■ TASK REQUIREMENTS: Your reply is to be the lines below, exactly as written, with images omitted.

Collected data
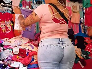Curvy BBW beauty farts seductively in tight blue jeans showing off huge ass
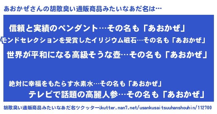 | 意味不明あだ名 | 『あおかぜフォーエバー』『自称あおかぜ』 |
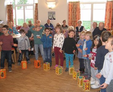 Sie besuchten die Seniorinnen und Senioren im Mühldorfer Caritas Heilig-Geist-Spital, um mit Szenen aus dem Leben von St. Martin, einem Laternentanz und vielen Liedern die Bewohnerinnen und Bewohner Seniorenwohnheimes zu erfreuen. Ein zweites Szenenspiel, das die Kinder aufführten, erzählt von einem kleinen Jungen, der teilen möchte wie St. Martin und spiegelt die Aktualität der Martinsgeschichte wider.
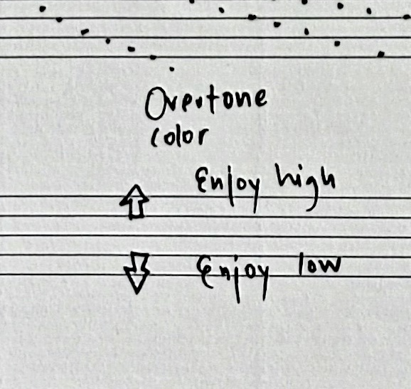 Materials from the improvisation I notate then trickles into the following sketches, as the overtone color arrows.
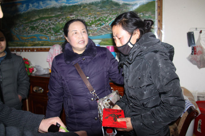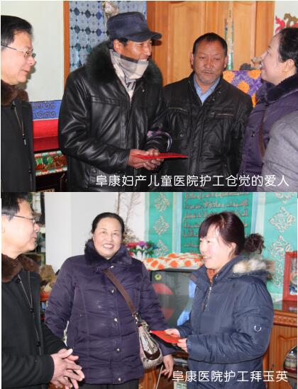 阜康集團(tuán)在2013年春節(jié)、藏歷年來臨之際,在阜康醫(yī)院、阜康婦產(chǎn)兒童醫(yī)院、阜康(國(guó)際)健康體檢中心三家醫(yī)院開展了“進(jìn)職工門、知職工情、暖職工心”送溫暖活動(dòng)。1月22日,公司下發(fā)了《關(guān)于開展2013年“雙節(jié)”送溫暖及特困職工幫扶活動(dòng)的通知》;2月1日,三個(gè)醫(yī)院的院領(lǐng)導(dǎo)對(duì)提交申請(qǐng)的員工進(jìn)行了資格審查,并最終確定了9名符合條件的員工為此次送溫暖活動(dòng)對(duì)象;2月3日,由阜康醫(yī)院李鋼副院長(zhǎng)、劉連福副院長(zhǎng)、阜康婦產(chǎn)兒童醫(yī)院呂果梅副院長(zhǎng)、阜康(國(guó)際)健康體檢中心席大力副院長(zhǎng)帶隊(duì),逐一將慰問金、大米食用油等慰問品送到了困難員工的家中。阜康婦產(chǎn)兒童醫(yī)院保潔員窮達(dá)的父母在她年幼時(shí)已經(jīng)過世,由于沒有文化,她只能選擇當(dāng)清潔工養(yǎng)家糊口,每月不到兩千塊錢的工資要供養(yǎng)弟弟妹妹上學(xué),要給弟妹生活費(fèi)、購(gòu)買學(xué)習(xí)資料的費(fèi)用,偶爾還要給弟妹買身新衣服,帶他們吃一頓好吃的,買一些營(yíng)養(yǎng)品。為了省下在外租房的錢,她選擇了入住醫(yī)院的員工宿舍,每天吃、住、上班都在醫(yī)院,她現(xiàn)在最大的心愿就是好好供養(yǎng)自己的弟弟妹妹上學(xué),讓他們考上大學(xué)有一個(gè)美好的前程,不用像自己一樣干最累的活掙最少的錢。窮達(dá)是一個(gè)愛笑的女孩子,即使說起這些困難時(shí)也總是堅(jiān)信只要弟弟妹妹有出息了,以后的日子就會(huì)好起來,她的樂觀向上時(shí)刻感染著身邊的每一個(gè)人,然而當(dāng)院領(lǐng)導(dǎo)將慰問金慰問品送到她手中時(shí),這個(gè)堅(jiān)強(qiáng)的女孩卻第一次在人前落了淚。阜康婦產(chǎn)兒童醫(yī)院保潔員曲宗租住在奪底路某個(gè)環(huán)境極差的小院子里20平方不到的出租房里,這樣的一間小房子是臥室是客廳也是廚房,然而生活的艱辛卻比不上她不幸的遭遇,她的丈夫沒有工作,一家人的生活全靠她微薄的工資,如果僅僅是如此還算差強(qiáng)人意,她那個(gè)不務(wù)正業(yè)的丈夫卻還經(jīng)常向她伸手要錢到外面去賭博、喝酒,一旦拒絕便是拳腳相向,且多次將她打得無法上班,甚至將她悄悄存起來的錢偷拿去喝酒賭博,每每說起這些事情,曲宗便是淚流滿面,無法自持,讓聞?wù)邿o不為之心酸。

■ RESPONSE BOX:
Curvy BBW beauty farts seductively in tight blue jeans showing off huge ass
 | 意味不明あだ名 | 『あおかぜフォーエバー』『自称あおかぜ』 |
 Sie besuchten die Seniorinnen und Senioren im Mühldorfer Caritas Heilig-Geist-Spital, um mit Szenen aus dem Leben von St. Martin, einem Laternentanz und vielen Liedern die Bewohnerinnen und Bewohner Seniorenwohnheimes zu erfreuen. Ein zweites Szenenspiel, das die Kinder aufführten, erzählt von einem kleinen Jungen, der teilen möchte wie St. Martin und spiegelt die Aktualität der Martinsgeschichte wider.
 Materials from the improvisation I notate then trickles into the following sketches, as the overtone color arrows.
 阜康集團(tuán)在2013年春節(jié)、藏歷年來臨之際,在阜康醫(yī)院、阜康婦產(chǎn)兒童醫(yī)院、阜康(國(guó)際)健康體檢中心三家醫(yī)院開展了“進(jìn)職工門、知職工情、暖職工心”送溫暖活動(dòng)。1月22日,公司下發(fā)了《關(guān)于開展2013年“雙節(jié)”送溫暖及特困職工幫扶活動(dòng)的通知》;2月1日,三個(gè)醫(yī)院的院領(lǐng)導(dǎo)對(duì)提交申請(qǐng)的員工進(jìn)行了資格審查,并最終確定了9名符合條件的員工為此次送溫暖活動(dòng)對(duì)象;2月3日,由阜康醫(yī)院李鋼副院長(zhǎng)、劉連福副院長(zhǎng)、阜康婦產(chǎn)兒童醫(yī)院呂果梅副院長(zhǎng)、阜康(國(guó)際)健康體檢中心席大力副院長(zhǎng)帶隊(duì),逐一將慰問金、大米食用油等慰問品送到了困難員工的家中。阜康婦產(chǎn)兒童醫(yī)院保潔員窮達(dá)的父母在她年幼時(shí)已經(jīng)過世,由于沒有文化,她只能選擇當(dāng)清潔工養(yǎng)家糊口,每月不到兩千塊錢的工資要供養(yǎng)弟弟妹妹上學(xué),要給弟妹生活費(fèi)、購(gòu)買學(xué)習(xí)資料的費(fèi)用,偶爾還要給弟妹買身新衣服,帶他們吃一頓好吃的,買一些營(yíng)養(yǎng)品。為了省下在外租房的錢,她選擇了入住醫(yī)院的員工宿舍,每天吃、住、上班都在醫(yī)院,她現(xiàn)在最大的心愿就是好好供養(yǎng)自己的弟弟妹妹上學(xué),讓他們考上大學(xué)有一個(gè)美好的前程,不用像自己一樣干最累的活掙最少的錢。窮達(dá)是一個(gè)愛笑的女孩子,即使說起這些困難時(shí)也總是堅(jiān)信只要弟弟妹妹有出息了,以后的日子就會(huì)好起來,她的樂觀向上時(shí)刻感染著身邊的每一個(gè)人,然而當(dāng)院領(lǐng)導(dǎo)將慰問金慰問品送到她手中時(shí),這個(gè)堅(jiān)強(qiáng)的女孩卻第一次在人前落了淚。阜康婦產(chǎn)兒童醫(yī)院保潔員曲宗租住在奪底路某個(gè)環(huán)境極差的小院子里20平方不到的出租房里,這樣的一間小房子是臥室是客廳也是廚房,然而生活的艱辛卻比不上她不幸的遭遇,她的丈夫沒有工作,一家人的生活全靠她微薄的工資,如果僅僅是如此還算差強(qiáng)人意,她那個(gè)不務(wù)正業(yè)的丈夫卻還經(jīng)常向她伸手要錢到外面去賭博、喝酒,一旦拒絕便是拳腳相向,且多次將她打得無法上班,甚至將她悄悄存起來的錢偷拿去喝酒賭博,每每說起這些事情,曲宗便是淚流滿面,無法自持,讓聞?wù)邿o不為之心酸。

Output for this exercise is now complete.